Williams also is preparing to launch a website to pitch his platform to shareholders. He couldn't be reached by GlobeSt.com's publication deadline. But his publicist, Larry Dennedy of New York-based McKenzie Partners who helped Williams in his unsuccessful proxy fight last year, tells GlobeSt.com his client "can't project the results" of the May 27 meeting but believes shareholders will back his idea.

"He feels very strongly that shareholders should have the right" to decide the compensation packages of the company's directors, Dennedy tells GlobeSt.com.

The trigger that sparked the newest tiff was the $450,000 salary of Post chairman Robert C. Goddard III, associates of Williams and persons familiar with the latest controversy tell GlobeSt.com. Robert Anderson, a director, approved the $450,000 figure.

Anderson, a former partner at PricewaterhouseCoopers, leaves the Post board in May. He voted against Williams' takeover attempt last year. Insiders tell GlobeSt.com, it was Williams who initially appointed Anderson as a company director.

Post officials deny Goddard is overpaid. "The compensation is in the mainstream," Post president and CEO David P. Stockert tells GlobeSt.com. The $450,000 amount is "primarily a mix of cash and incentive bonuses," Stockert says. "Any company needs such a program to attract the right mix" of personnel and independent directors.

Williams' latest proposal "isn't in our shareholders' best interests," Stockert tells GlobeSt.com.
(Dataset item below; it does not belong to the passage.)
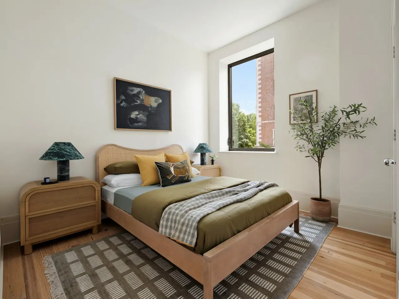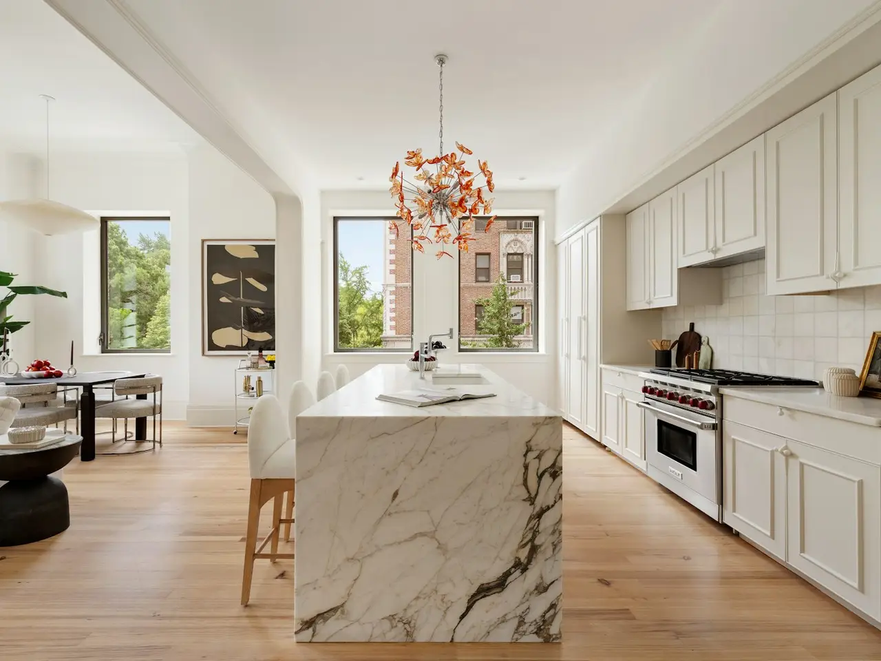 A seamless blend of architectural heritage and refined design, this corner three-bedroom, two-and-a-half-bathroom home at the prestigious 1 Prospect Park West offers a rare level of luxury, space, and light. With southeast and southwest exposures, the home is located on the corner overlooking Prospect Park West and President Street and is bathed in natural light. Spanning 2046 square feet, residence 3C is a sanctuary of proportion and detail with an optimal and gracious layout. At the heart of the home is the great room, crowned by 13-foot ceilings and graced with tree-lined views of Prospect Park. The layout unfolds with a sense of purpose and grandeur, beginning in a formal entry gallery where hand-laid, reclaimed heart pine floors-patterned in a motif inspired by Frank Stella-set a tone of warm elegance. These floors flow throughout the residence, unifying each space with rich texture and timeless appeal. Whether you are a hobbyist or a gourmet chef, the open kitchen's sculptural and functional elements will inspire your cuisine. Honed Estremoz marble counters, an oversized Calacatta Vagli island, and fully integrated Wolf and Sub-Zero appliances are complemented by custom Workstead paneled cabinetry, a cast iron undermount sink, and a Dornbracht chrome faucet that reads more like a piece of art than hardware. An arched opening transitions the kitchen into the grand entertaining space, where thoughtful moldings and custom trim elevate the room's pre-war charm. The private quarters are quietly tucked away along a central hall. Two well-proportioned secondary bedrooms enjoy generous closet space and share a serene bathroom outfitted with a Calacatta Nero vanity, Waterworks chrome fixtures, and gray limestone mosaic flooring. The primary suite is both tranquil and luxurious, anchored by custom oversized windows, bespoke millwork, and two spacious closets, including a walk-in wardrobe. The en-suite bath is a study in soft contrast and curated materials: Novelda Cream limestone, a Bianco Dolomite marble shower with pyramid glass and powder-coated steel, a freestanding soaking tub, and Calacatta Nero-topped double vanity complete the spa-like experience. A 1920s landmark, One Prospect Park West is a beautifully restored exercise in Classic Revival architecture, reimagined by Workstead with interiors that speak to quiet elegance and modern craftsmanship. Residents enjoy a full suite of elevated amenities: a 24-hour attended lobby, landscaped rooftop terrace by ODA New York with a unique apple orchard, outdoor kitchen, and sun deck with skyline views. Wellness offerings include a state-of-the-art gym, sauna and steam room, movement studio and basketball court, and ample bike and package storage. Private storage is also available for purchase. Set at the gateway to Park Slope and directly across from Prospect Park, this location offers immediate access to green space, cultural institutions, beloved neighborhood restaurants, and excellent transportation-placing luxury, lifestyle, and legacy all at your doorstep.

He says that without the right compensation program, Post would never have attracted such "outstanding" national business leaders as Douglas Crocker II and Walter M. Deriso Jr.

Both are expected to join the board as new directors at the May 27 meeting. Crocker is the former president and CEO of Chicago-based Equity Residential. Deriso is vice chairman of Synovus, a multi-billion-dollar diversified financial services company headquartered in Columbus, GA.

Williams, meanwhile, is back in the development business but won't be competing against Post's garden-style apartment product. He is orchestrating an alliance of five companies, run by former Post executives and staffed by a total workforce of 750 in separate offices at One Overton Park, as GlobeSt.com previously reported. The five companies are involved in apartment community management, redevelopments, condominium and rental townhome development, and landscaping.